In the summer of 1670 Flamsteed visited London. Collins introduced him to Jonas Moore (1617-1679), surveyor-general of the ordnance, who made him the symbolic present of a Gascoigne-Towneley micrometer (the device that first enabled telescopes to be used as precision instruments) and wrote to him occasionally thereafter promising future help. On the return journey Flamsteed called at Cambridge and arranged to be admitted to Jesus College with the aid of Dr Richard Wroe, a fellow. His admission, with Wroe as his tutor, was recorded on 21 December 1670, some months after he had returned to Derby.

Once back home, Flamsteed was eager to improve his equipment for practical astronomy. He obtained telescope lenses with Collins's help, and enquired about prices of pendulum clocks. Applying his micrometer to a telescope, he measured the distances between the stars in the Pleiades cluster and took planetary diameters, in imitation of William Gascoigne's work, and observed Jupiter's satellites in imitation of J.-D. Cassini. Collins encouraged him to contact Richard Towneley, which he did in January 1671; he twice called at Towneley's house in Lancashire and on the second occasion, in the summer of 1672, met its owner. Towneley welcomed these overtures and allowed him to copy papers deriving from Jeremiah Horrocks, William Crabtree, and Gascoigne; similar items seem to have been supplied by Jonas Moore. Custody of this material enabled Flamsteed to participate in the compilation of John Wallis's edition Jeremiae Horroccii ... opera posthuma (1673), to which he contributed an account of Horrocks's lunar theory (in the sense of a mathematical basis for calculations) taken from a letter to Crabtree, with lunar tables based on the theory and an explanatory epilogue. He also supplied a treatise of his own on the equation of time--De inaequalitate dierum solarium dissertatio astronomica--written six years earlier. The whole publication played an important part in establishing Flamsteed's credentials as an astronomer in a distinctively English tradition.

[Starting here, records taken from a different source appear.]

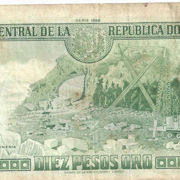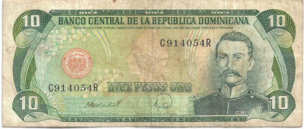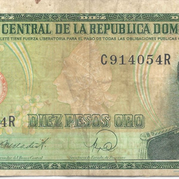 Dominica rep. 10 pesos 1988 serie vf currency note
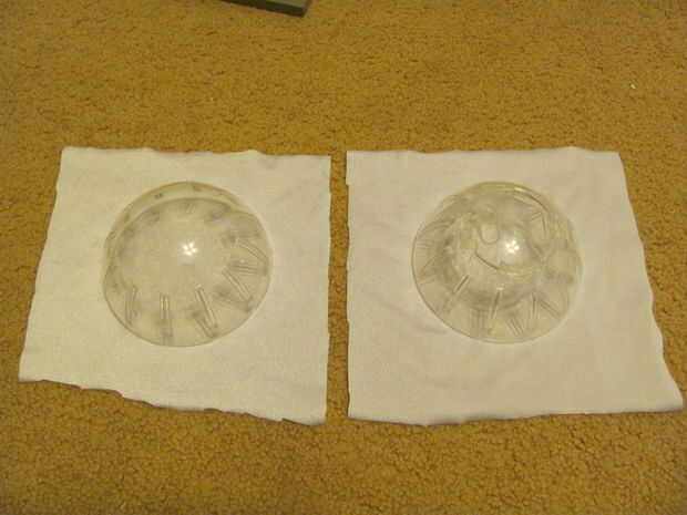 4 - ahora ponen los ojos a la tela, rocíe todo el tejido y el interior del ojo. No es necesario rociar la parte exterior del ojo, además de hará más difícil como cáscara y re aplicar para salir cualquier traslapos y arrugas en la tela. el resultado final debería verse como la última foto.
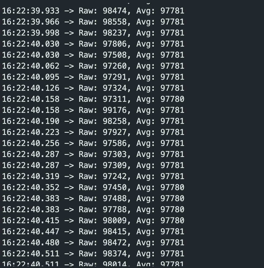 To counteract that, I made it also print out a rolling average to get a clearer picture of what the baseline capacitance was.

In the summer of 1673, at the Royal Society's request, Flamsteed entered the international arena by initiating a correspondence with Cassini. It was carried on for some years with courtesy but caution on both sides, neither wishing to give too much away to a competitor. Flamsteed's views about the conduct of astronomy were far more fully revealed when James Gregory consulted him about equipping a planned observatory at St Andrews, in Scotland; the venture was to prove short-lived, but helped inspire those who felt the English should have an observatory of their own. In the same year Flamsteed prepared 'an Ephemeris wherein I shewed the falsity of Astrology' (CUL, RGO 1/32B, fol. 27r); he failed to secure its publication, probably because potential publishers found such an outspoken attack inappropriate.

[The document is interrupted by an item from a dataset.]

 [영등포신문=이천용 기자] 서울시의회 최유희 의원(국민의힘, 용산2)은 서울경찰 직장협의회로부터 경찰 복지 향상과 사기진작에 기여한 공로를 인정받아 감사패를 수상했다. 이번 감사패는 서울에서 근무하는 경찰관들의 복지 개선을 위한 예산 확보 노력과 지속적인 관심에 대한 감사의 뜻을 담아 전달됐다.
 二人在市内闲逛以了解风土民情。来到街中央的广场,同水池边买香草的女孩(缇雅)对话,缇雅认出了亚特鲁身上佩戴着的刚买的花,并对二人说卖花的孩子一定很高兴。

In May 1674 Flamsteed again visited London, where he stayed at Moore's house in the Tower, and Cambridge, where on 5 June he proceeded MA from Jesus College by royal mandate (dated 15 May 1674). In the absence of any better provision, he intended to take holy orders and accept a living near Derby, but he was mistaken in assuming that an ordination ceremony would be held at Peterborough the following Christmas. He thus returned to London in February 1675, and the delay allowed time for alternative plans to come to fruition. He was eventually ordained deacon at Easter (at Ely House in London), after his appointment as the king's 'observator'; he was not to be ordained priest until 1685.

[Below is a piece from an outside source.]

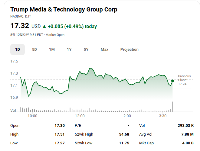 • 지속적인 시장 관심 시사: DJT가 특정 기업 뉴스가 없음에도 불구하고 다양한 일반 경제/시장 뉴스에서 ‘트렌딩’ 종목으로 꾸준히 언급된다는 것은 투자자들 사이에서 해당 종목에 대한 높은 관심과 활발한 논의가 이루어지고 있음을 의미합니다.
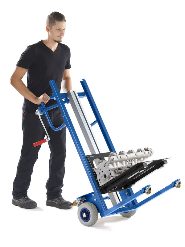 Pinoamisvaunu Lukas. Erilaisilla kuorman tuilla varustettu pinoamisvaunu moniin käyttötarkoituksiin. Kuormatason keskipiste 300 mm. Puhkeamattomat renkaat, keskusjarru, tarkka ajo ja asemointi 2 kääntöpyörän ansiosta. Nostoliike tapahtuu itsejarruttavan turvavinssin ja tarkkuusrullaketjun avulla.

Founding the Royal Observatory, 1675-1680
Moore's letters from September 1674 onwards chart the progress of his campaign for the foundation of an observatory. Once the practical difficulties of using the Royal Society's Chelsea College site had proved insurmountable, Moore decided that he could solve at least part of the problem by 'moveing his Majesty for a yearly Annuity' for Flamsteed (Correspondence, 1.312). He had already made Flamsteed's name known at court through a tide table and ephemeris presented to Charles II. Flamsteed helped Moore's clerk Nicholas Stephenson to produce an extended version published as the Royal Almanack (printed late in 1674 for 1675, and annually until 1678). One item included was a description of the mercury barometer, which Flamsteed had learned about from Towneley; in December 1674 Moore demonstrated this to the king and the duke of York and, as Flamsteed recalled, 'was ordered to fit them with them ... togeather with my directions for judgeing of the Weather from their Rise or Fallings' (CUL, RGO 1/32B, fol. 28r). Moore was soon able to report that Flamsteed had also won the approval of Joseph Williamson, secretary of state, and several other courtiers.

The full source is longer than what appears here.